VAT to be reduced or a huge bluff

The mainstream media (msm) are full of stories about an impending cut in the standard rate of VAT from 17.5% to 15%. This, we are told, is going to be one of the planks to be announced in the Pre Budget Report (PBR) tomorrow afternoon in the attempt to stimulate the economy. But is it all a huge bluff to wrong foot the opposition I ask myself. If we assume that there will be a VAT reduction then letting that information out early seems totally bizarre - it allows the opposition parties to examine the arithmetic and prepare a counter-attack.

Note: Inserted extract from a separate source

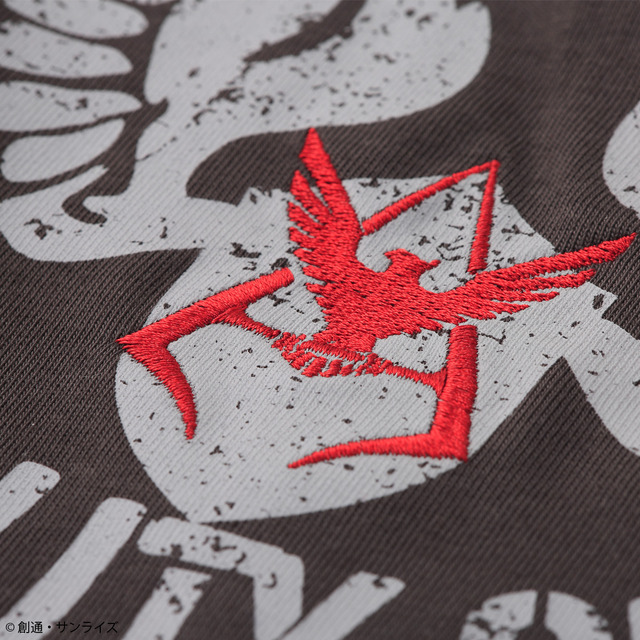 「STRICT-G.ARMS『機動戦士ガンダム』Tシャツ」は、ヘビーウェイトの天竺を用いた。フロントはシンプルに左胸にワンポイントプリント、バックにプリントと刺繍を組み合わせたデザインを大胆に施した。

If the 'leak' was deliberate then once again it shows the huge disdain of one group of people to the rest. The Chancellor is to make his statement to MPs in the House of Commons and it could not be more wrong for them to be getting information already in the public domain. I think I've blogged before (or at least I certainly meant to) about the way that the main thrust of someones speech is released to the media prior to the audience listening to the speech get to hear it. This is very discourteous and absolutely unacceptable in my book, yet it is taken as normal procedure these days. So far as the lowering of standards in public service is concerned this is a prime example. Of course the media are benefiting from this so don't expect any interjection from them about this practice.

For the sake of argument let us suppose that VAT will be reduced by 2.5%. Now imagine someone going into an electrical shop to buy some white goods costing, before VAT, £300. The VAT on this at 17.5% is £52.50, reduced to 15% it would be £45 giving a saving therefore of £7.50. Now would the prospect of paying £7.50 less on the item actually sway the purchasing decision. I would say probably not. However seeing a big notice saying £70 off (because the retailer needs the sale) might do the trick. Because of sluggish sales prices are likely to fall anyway without state intervention. In fairness I have to say that some businesses might gain to a degree with a VAT reduction e.g. a service industry where they have to invest in a stock of spare parts which may only trickle out as sales go fairly slowly.

Another aspect of VAT reduction is that it is mainly of benefit to the very well off who have a high consumption lifestyle. For those of us whose main outgoings are things such as food, rent, mortgage, council tax help with VAT is not very relevant. As I hinted at the beginning it may all be a con anyway and VAT rates won't be touched. In less than 24 hours we will all know.